Directions: Each line below from the "Adequado para várias" line through the "- Déclaration de" line, those two included, must be restated word for word; the pictures must not be.

Records provided:
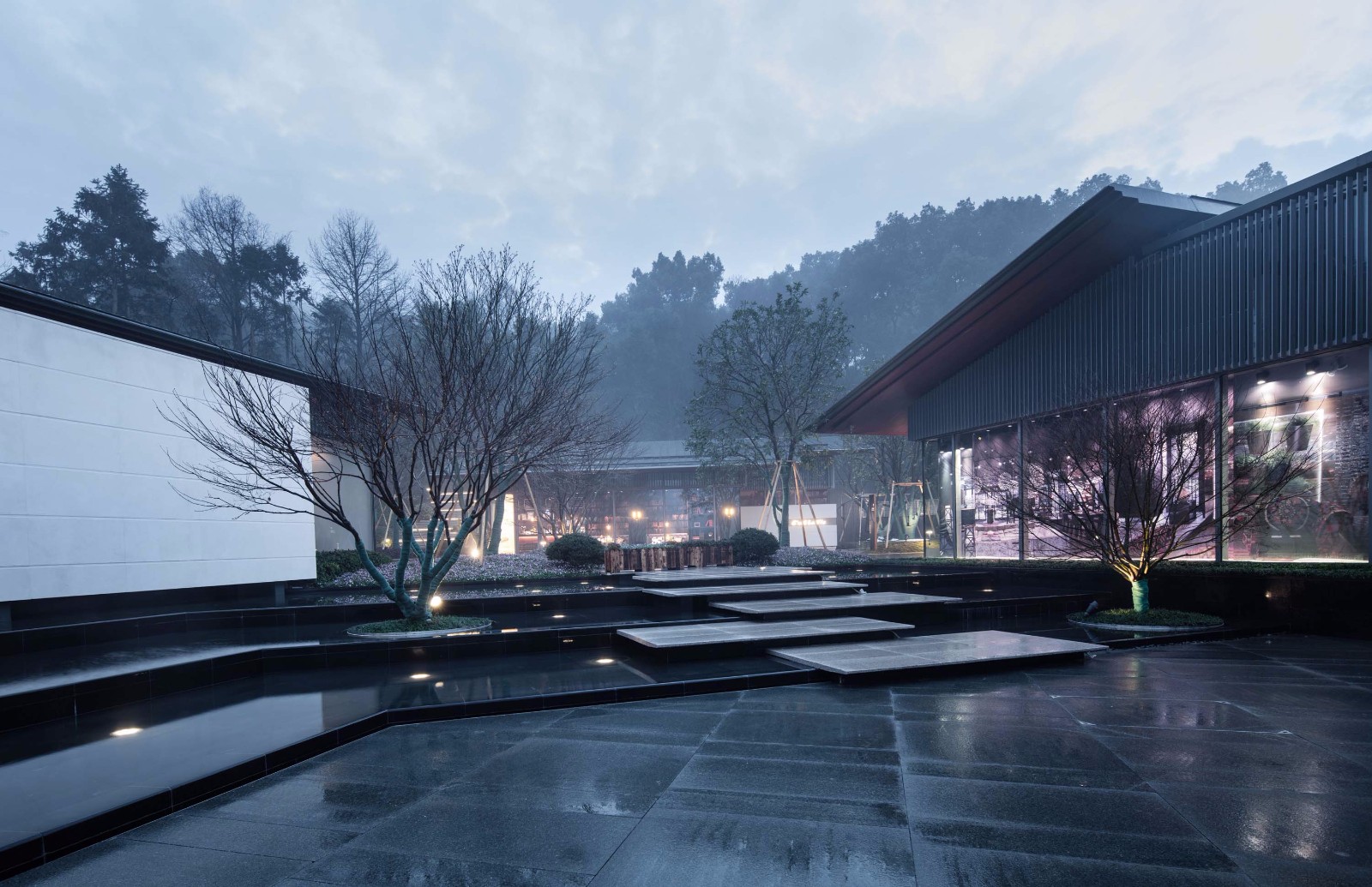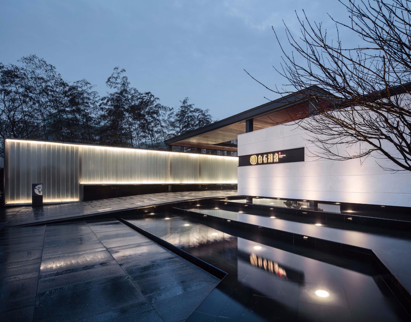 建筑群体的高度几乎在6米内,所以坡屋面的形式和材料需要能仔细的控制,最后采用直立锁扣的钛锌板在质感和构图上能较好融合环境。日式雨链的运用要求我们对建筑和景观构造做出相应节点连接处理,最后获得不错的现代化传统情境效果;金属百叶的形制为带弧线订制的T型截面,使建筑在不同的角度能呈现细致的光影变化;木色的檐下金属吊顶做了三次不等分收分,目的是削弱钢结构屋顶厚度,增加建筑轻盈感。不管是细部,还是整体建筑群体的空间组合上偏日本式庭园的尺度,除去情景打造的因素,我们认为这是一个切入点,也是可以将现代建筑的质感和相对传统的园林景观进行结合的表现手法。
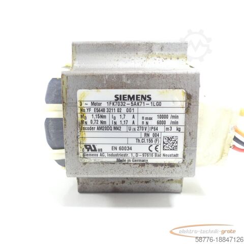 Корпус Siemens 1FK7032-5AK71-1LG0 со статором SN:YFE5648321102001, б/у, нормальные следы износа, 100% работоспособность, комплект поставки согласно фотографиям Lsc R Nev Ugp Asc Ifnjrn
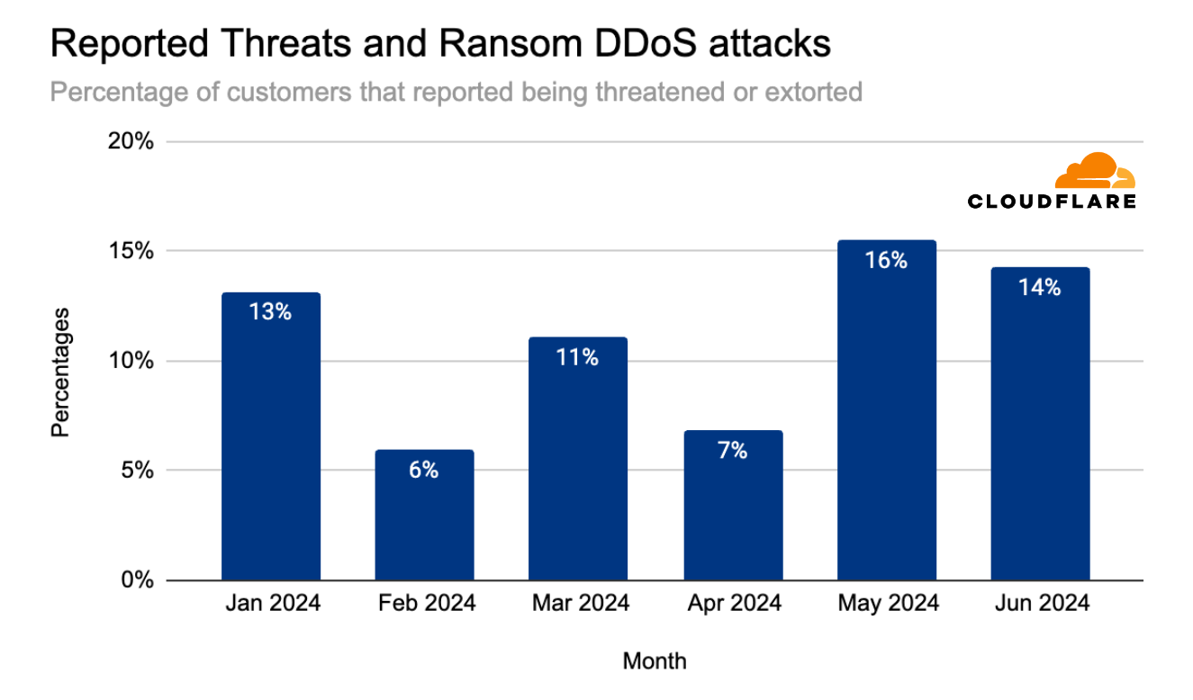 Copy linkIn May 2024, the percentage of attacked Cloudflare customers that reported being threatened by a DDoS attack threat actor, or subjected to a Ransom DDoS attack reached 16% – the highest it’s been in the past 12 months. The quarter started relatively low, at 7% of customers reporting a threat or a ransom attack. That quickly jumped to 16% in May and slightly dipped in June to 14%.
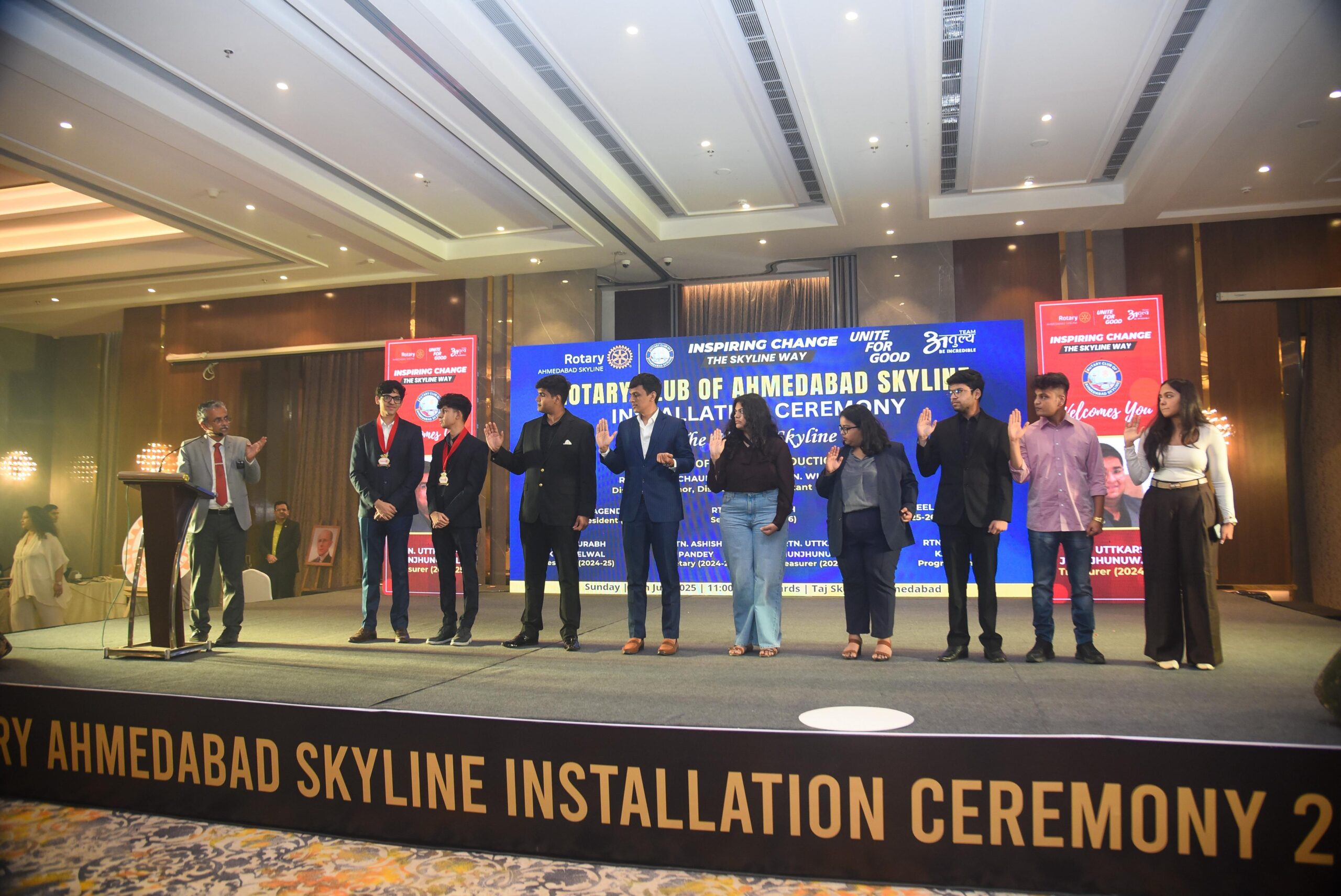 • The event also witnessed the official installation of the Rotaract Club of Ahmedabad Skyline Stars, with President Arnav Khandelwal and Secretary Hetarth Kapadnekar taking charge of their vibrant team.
==
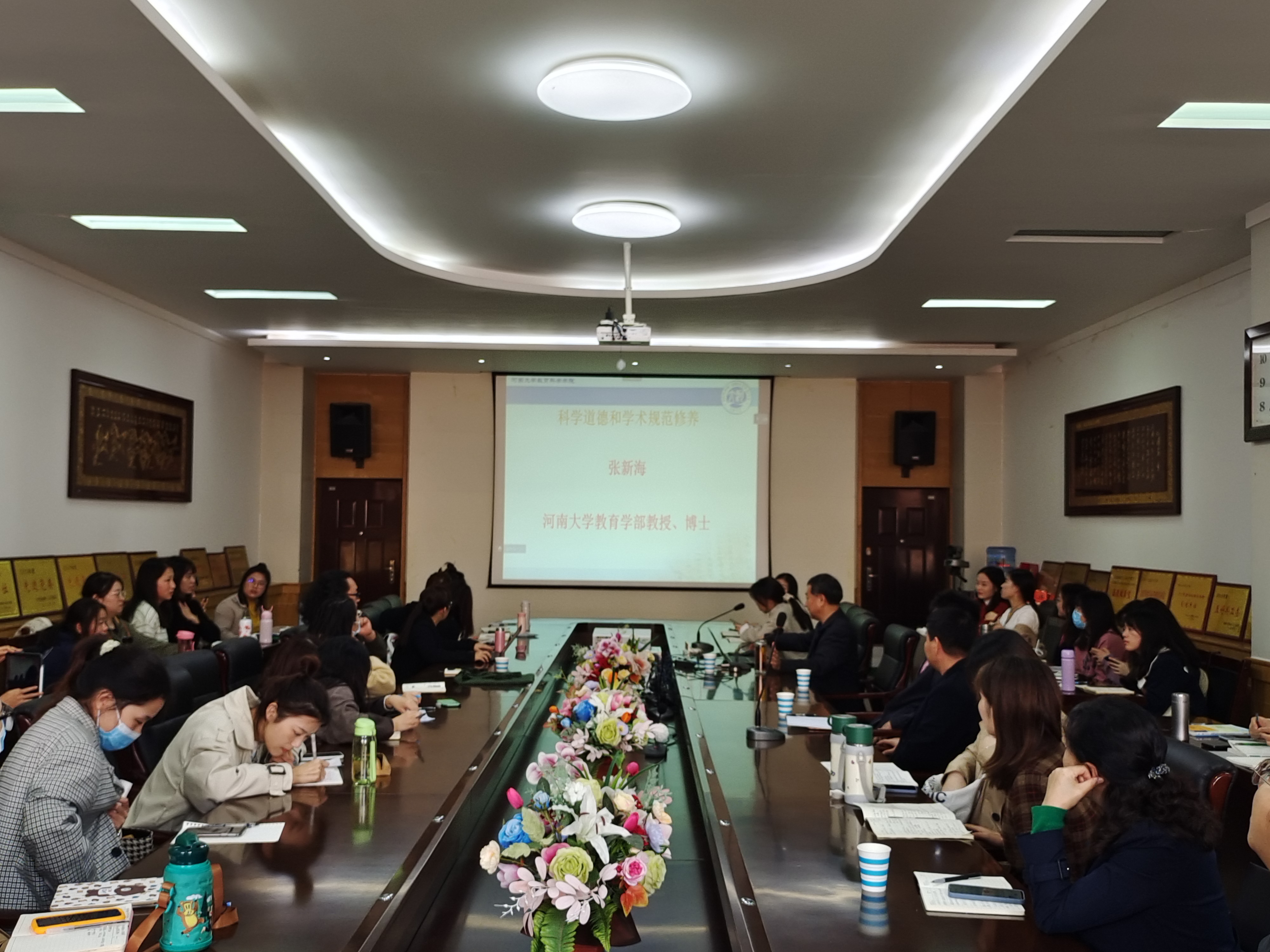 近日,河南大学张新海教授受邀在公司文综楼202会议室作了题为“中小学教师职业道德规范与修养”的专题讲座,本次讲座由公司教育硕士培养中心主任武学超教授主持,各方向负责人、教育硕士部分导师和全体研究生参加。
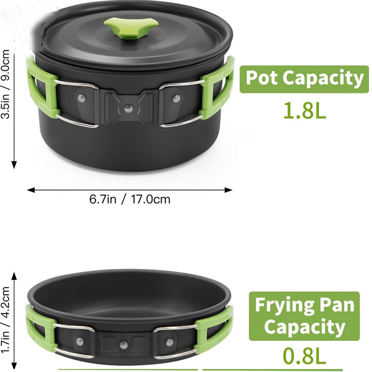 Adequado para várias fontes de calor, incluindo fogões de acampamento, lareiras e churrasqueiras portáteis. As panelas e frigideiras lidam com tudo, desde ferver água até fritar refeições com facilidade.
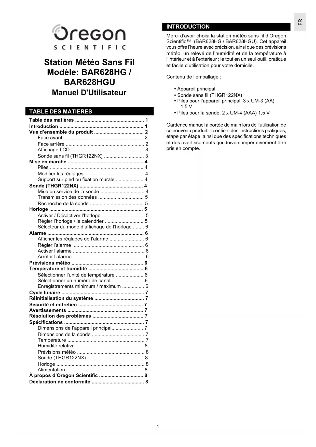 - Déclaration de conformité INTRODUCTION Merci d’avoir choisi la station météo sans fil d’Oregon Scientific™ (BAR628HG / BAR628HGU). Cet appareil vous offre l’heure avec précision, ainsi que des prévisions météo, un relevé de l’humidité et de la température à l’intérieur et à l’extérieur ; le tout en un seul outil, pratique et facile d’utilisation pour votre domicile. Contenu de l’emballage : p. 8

Solution to the problem:
 Adequado para várias fontes de calor, incluindo fogões de acampamento, lareiras e churrasqueiras portáteis. As panelas e frigideiras lidam com tudo, desde ferver água até fritar refeições com facilidade.
 - Déclaration de conformité INTRODUCTION Merci d’avoir choisi la station météo sans fil d’Oregon Scientific™ (BAR628HG / BAR628HGU). Cet appareil vous offre l’heure avec précision, ainsi que des prévisions météo, un relevé de l’humidité et de la température à l’intérieur et à l’extérieur ; le tout en un seul outil, pratique et facile d’utilisation pour votre domicile. Contenu de l’emballage : p. 8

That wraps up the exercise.